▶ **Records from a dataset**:
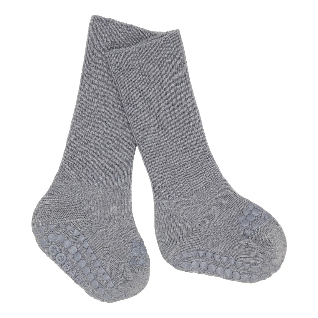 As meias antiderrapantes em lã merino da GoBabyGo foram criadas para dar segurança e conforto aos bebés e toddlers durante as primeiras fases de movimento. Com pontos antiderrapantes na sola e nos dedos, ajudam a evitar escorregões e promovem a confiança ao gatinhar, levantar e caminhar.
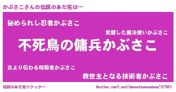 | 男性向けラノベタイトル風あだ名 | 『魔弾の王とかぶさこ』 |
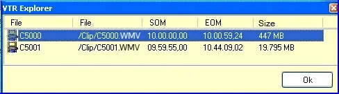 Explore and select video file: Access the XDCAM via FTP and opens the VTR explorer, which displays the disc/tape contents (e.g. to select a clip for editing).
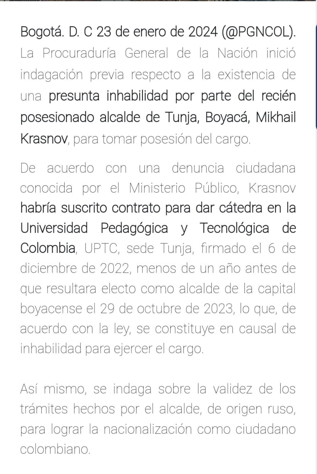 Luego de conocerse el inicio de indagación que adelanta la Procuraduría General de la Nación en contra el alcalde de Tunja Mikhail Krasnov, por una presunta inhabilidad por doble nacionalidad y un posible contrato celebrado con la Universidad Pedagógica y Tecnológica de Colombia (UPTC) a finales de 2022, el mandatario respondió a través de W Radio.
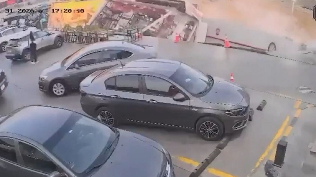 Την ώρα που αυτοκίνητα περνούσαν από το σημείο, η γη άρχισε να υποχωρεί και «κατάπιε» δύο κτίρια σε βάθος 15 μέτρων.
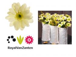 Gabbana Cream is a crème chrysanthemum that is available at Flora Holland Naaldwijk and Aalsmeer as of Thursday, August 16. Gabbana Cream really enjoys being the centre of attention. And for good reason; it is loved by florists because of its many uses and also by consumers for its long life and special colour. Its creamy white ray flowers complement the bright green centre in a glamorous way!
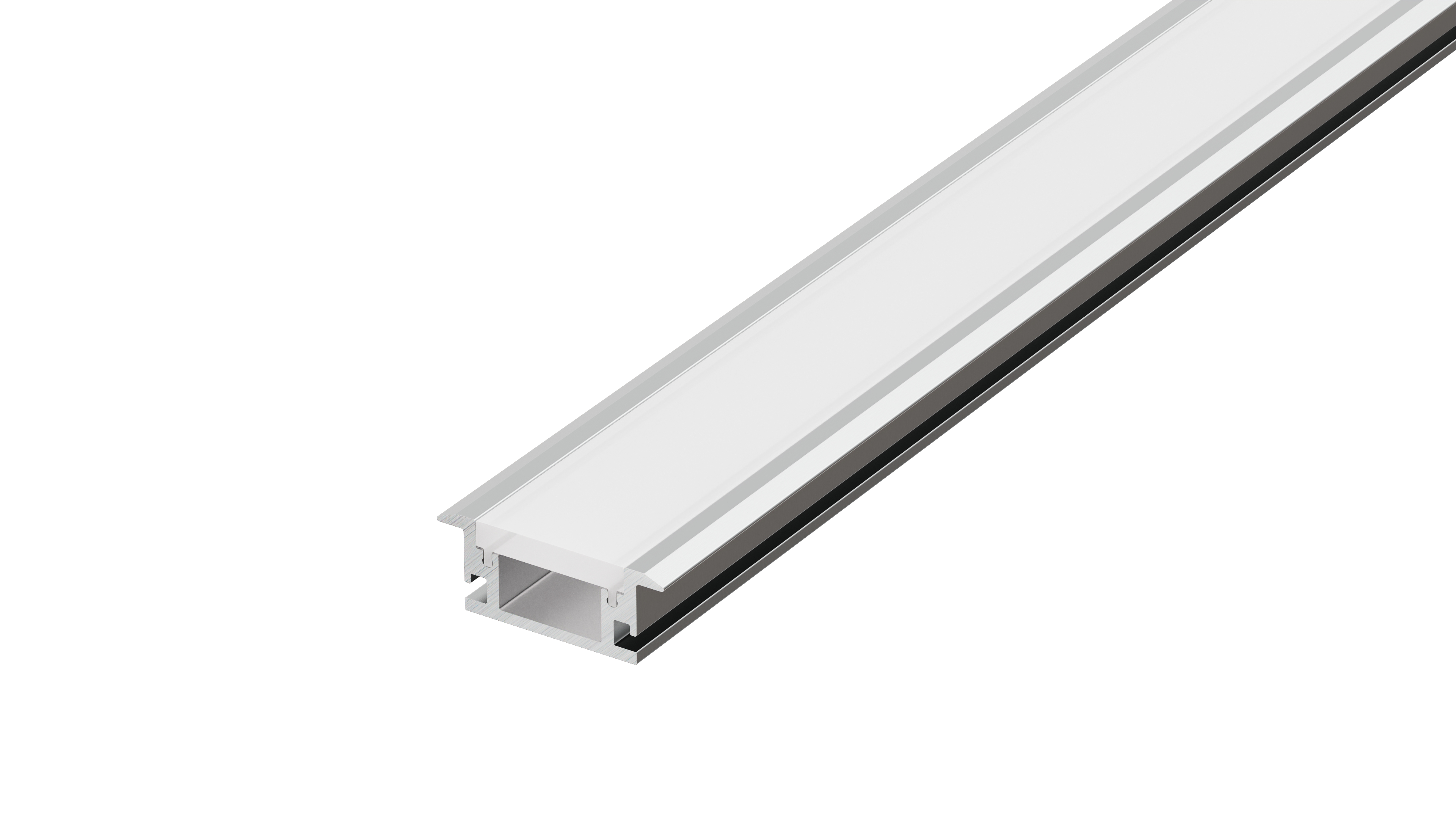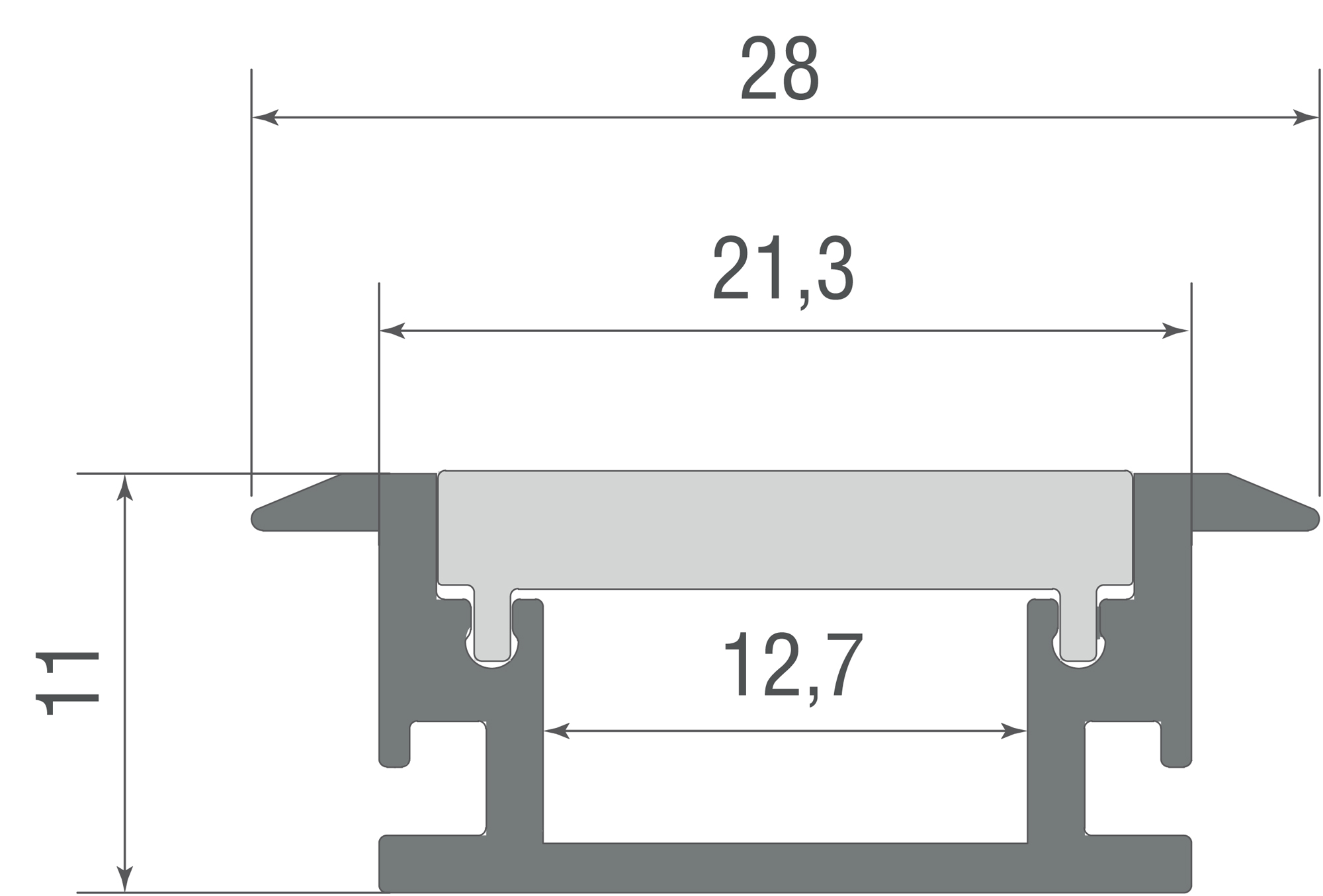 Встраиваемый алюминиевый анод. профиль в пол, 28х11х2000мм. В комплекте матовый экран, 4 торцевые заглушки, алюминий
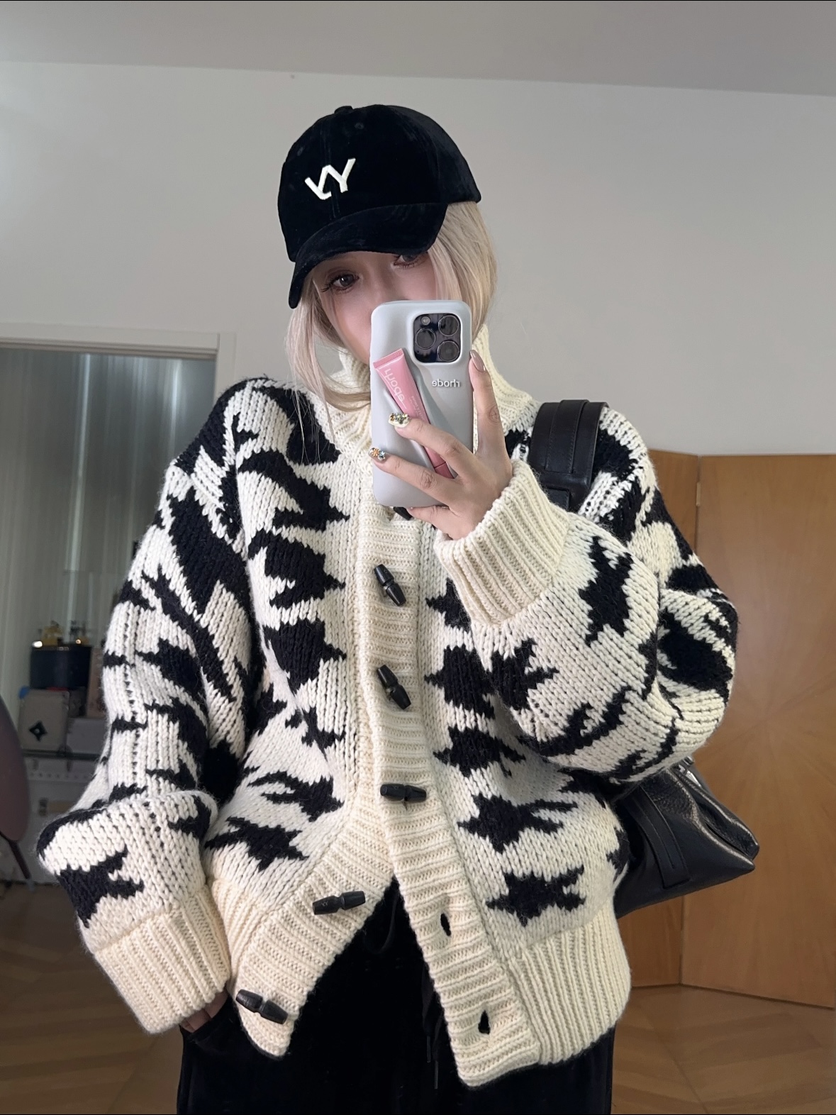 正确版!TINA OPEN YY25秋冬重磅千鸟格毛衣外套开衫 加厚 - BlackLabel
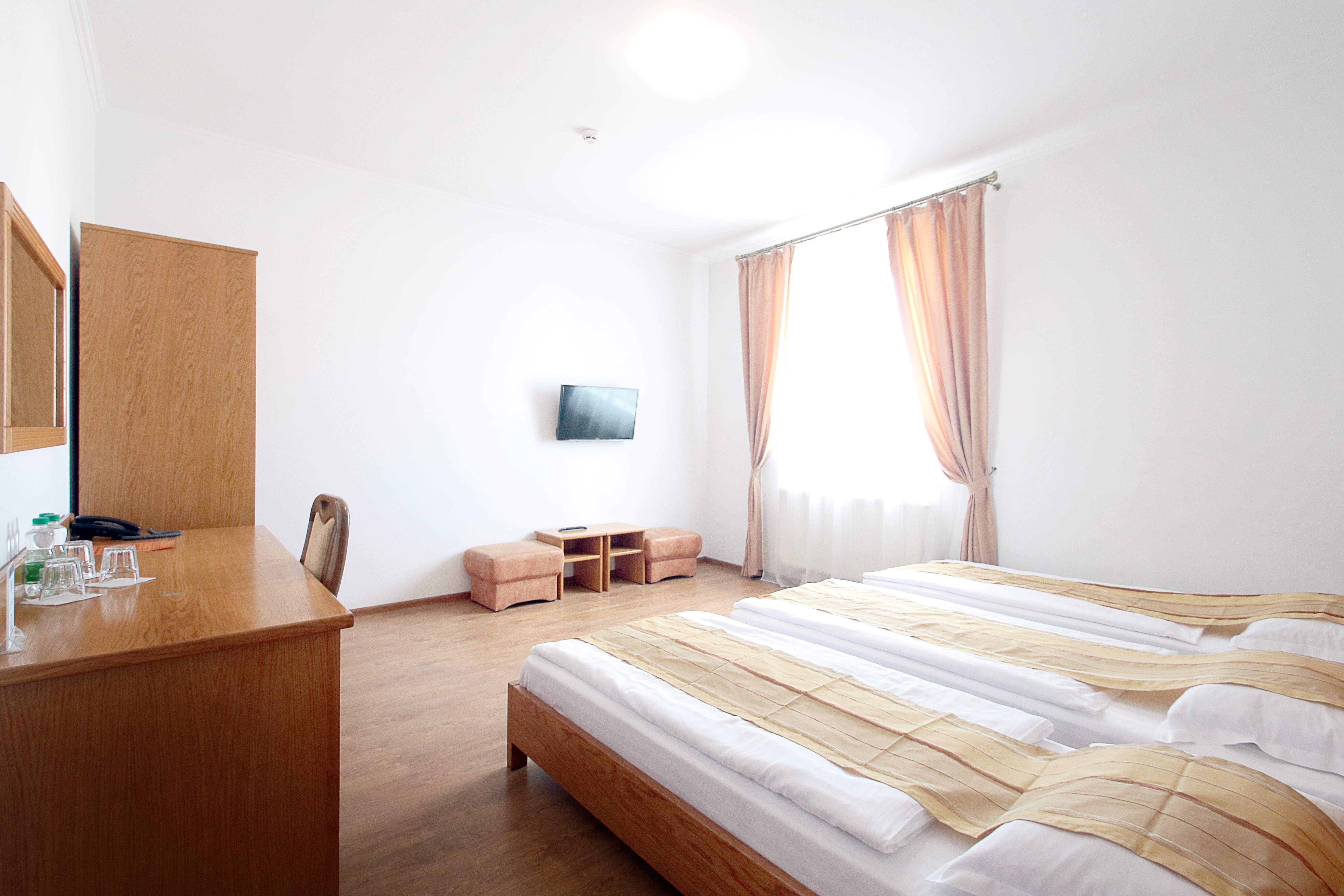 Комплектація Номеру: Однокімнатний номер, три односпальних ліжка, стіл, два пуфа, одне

▶ **Task details**: Beginning with the line that contains "正确版!TINA OPEN YY25秋冬重磅千鸟格毛衣外套开衫", repeat every remaining line of the data exactly, the last line included, and omit pictures.

▶ **Completed exercise**:
 正确版!TINA OPEN YY25秋冬重磅千鸟格毛衣外套开衫 加厚 - BlackLabel
 Комплектація Номеру: Однокімнатний номер, три односпальних ліжка, стіл, два пуфа, одне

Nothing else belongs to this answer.